But take the Heise method; it's supposed to be non-algorithmic too.

So yes, I could write them as algorithms, but when I solve puzzles I prefer not to use algorithms.

My definition of non-algorithmic? Not solved using algorithms/solvable without algorithms, and only a general methodological guide.

What would you define it as?
Hmm so I think what you are looking for is a method for developing a method. That is, you don't want to have a pre-set sequence of moves before you start a puzzle.

Put another way, you have the puzzle in some state S1 and you want to transition to state S2 without a preset sequence of moves.

The Heise method is 4 steps where the first three seem to be intuition and trial and error and the last step is "use a commutator".

Since you aren't memorizing anything for each of the steps and in the 4th step you have to develop a commutator to fit the situation, you aren't really memorizing any move sequences. What you have memorized though is the four steps you have to perform in order. Hence you have a method (algorithm) for developing a method.

If you accept this definition as what you're looking for then it sounds like you want to learn is the basics of commutation, conjugation, block building, and reduction.
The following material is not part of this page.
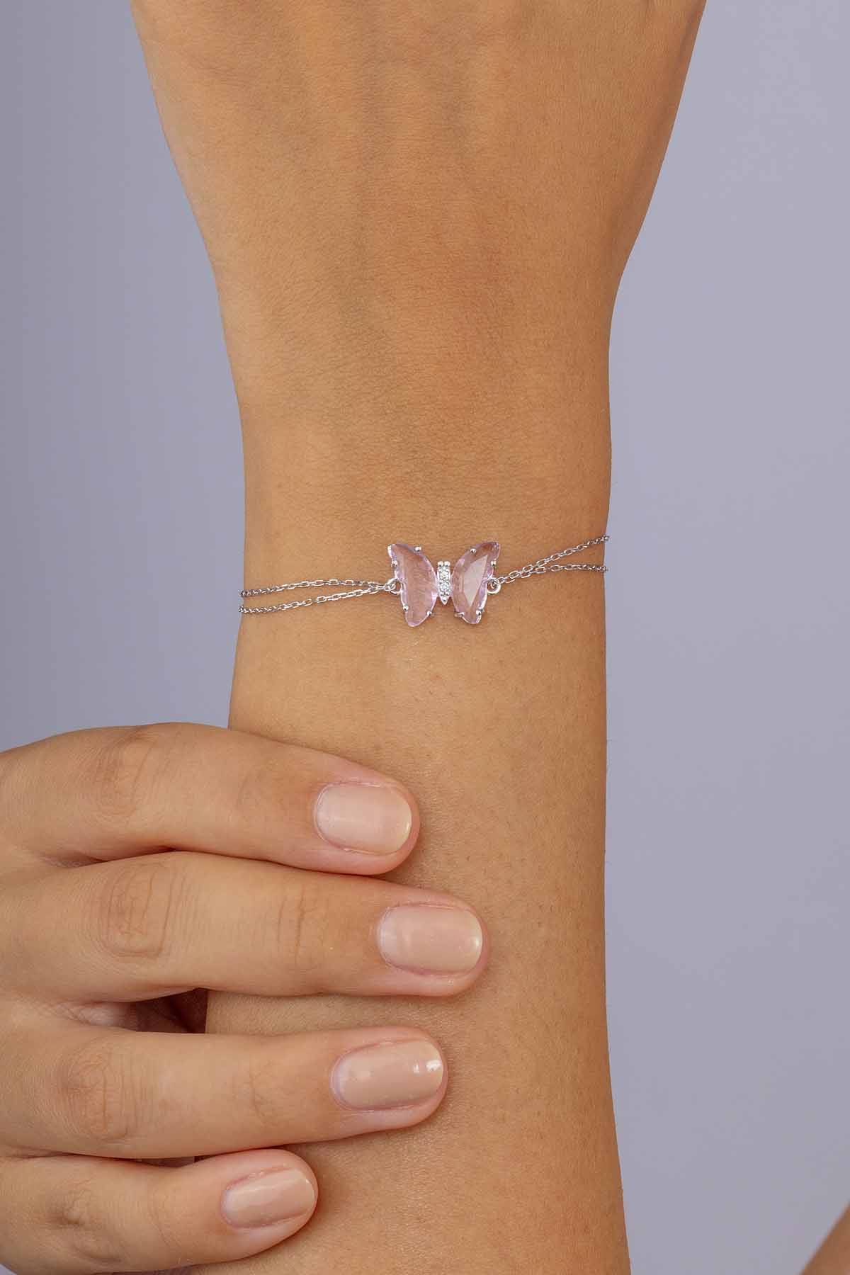 Pembe Taşlı Kelebek Gümüş Bileklik - 1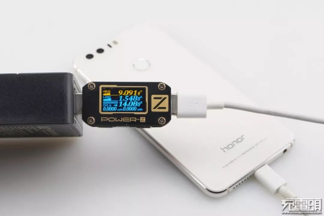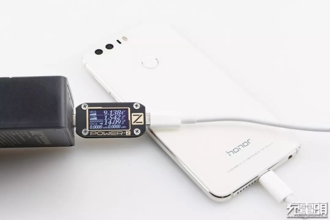 荣耀8只支持FCP快速充电协议,使用USB-A为荣耀8充电,功率为9.09V 1.54A 14.08W,成功握手FCP快充,并达到FCP快充功率最大阶段。

A decent place to start is Jaap's "Useful Mathematics"/"Theory" page.

If you need puzzles to practice on then Gelatinbrain's Virtual Magic Polyhedra page is a clearing house for puzzle awesomeness.

And if you want to discuss solving Gelatinbrain's puzzles or read about how others have done it there is discussion thread about them here.

And when it comes to developing a working method for solving a new puzzle Schuma is clearly the best, even though he rarely shares his "secrets" :( .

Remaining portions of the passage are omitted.